Pyramidal Spectrum: Frequency-based Hierarchically Vector Quantized VAE for Videos
Abstract
Variational Autoencoders (VAEs) form the foundation of modern video generation models. In particular, discrete latent VAEs with vector quantization have gained prominence for their superior perceptual sharpness, ability to model long-range dynamics, and efficient adaptation to downstream tasks. However, existing discrete VAEs face two key limitations: (i) a lack of frequency-domain modeling to enhance global spatiotemporal understanding, and (ii) fixed-resolution quantization schemes, preventing effective modeling of coarse-to-fine spatiotemporal hierarchies essential for video generation.
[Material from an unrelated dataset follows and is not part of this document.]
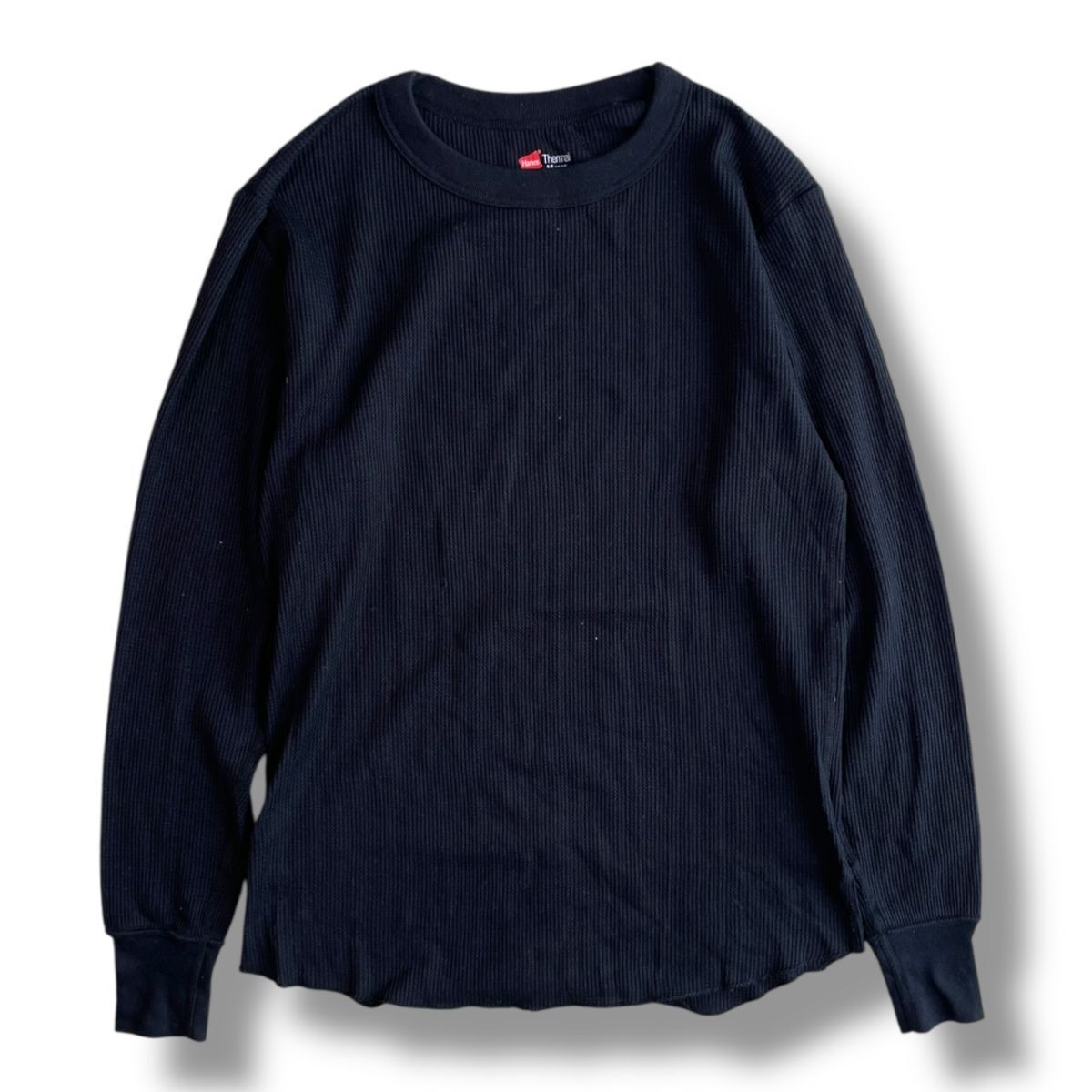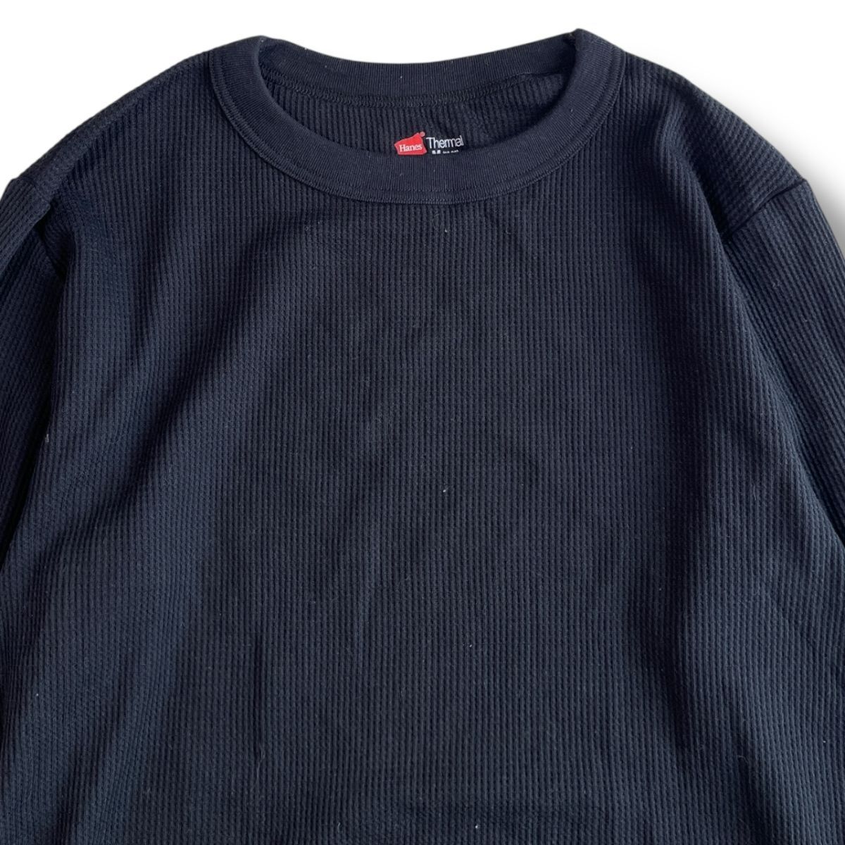 国内正規品★ Hanes ヘインズ サーマル ロングスリーブ Tシャツ 長袖 黒 Mサイズ カットソー Thermal クルーネック トップス 無地 古着

To address these limitations, we propose a Pyramidal Vector Quantized Variational Autoencoder (PVQ-VAE) for videos. PVQ-VAE's encoder–decoder leverages Fast Fourier Transform and Discrete Wavelet Transform to capture global semantics and multi-scale local details jointly. We introduce Pyramidal Vector Quantization (PVQ), a hierarchical quantization scheme that discretizes features at multiple resolutions to better capture multi-scale information. To further boost fidelity, we introduce a cross-modal contrastive loss guided by a pretrained high-resolution image VAE. PVQ-VAE achieves state-of-the-art performance on WebVid-val, COCO-val, and MCL-JCV, reconstructing videos with high perceptual quality at up to 32× spatial and 16× temporal compression.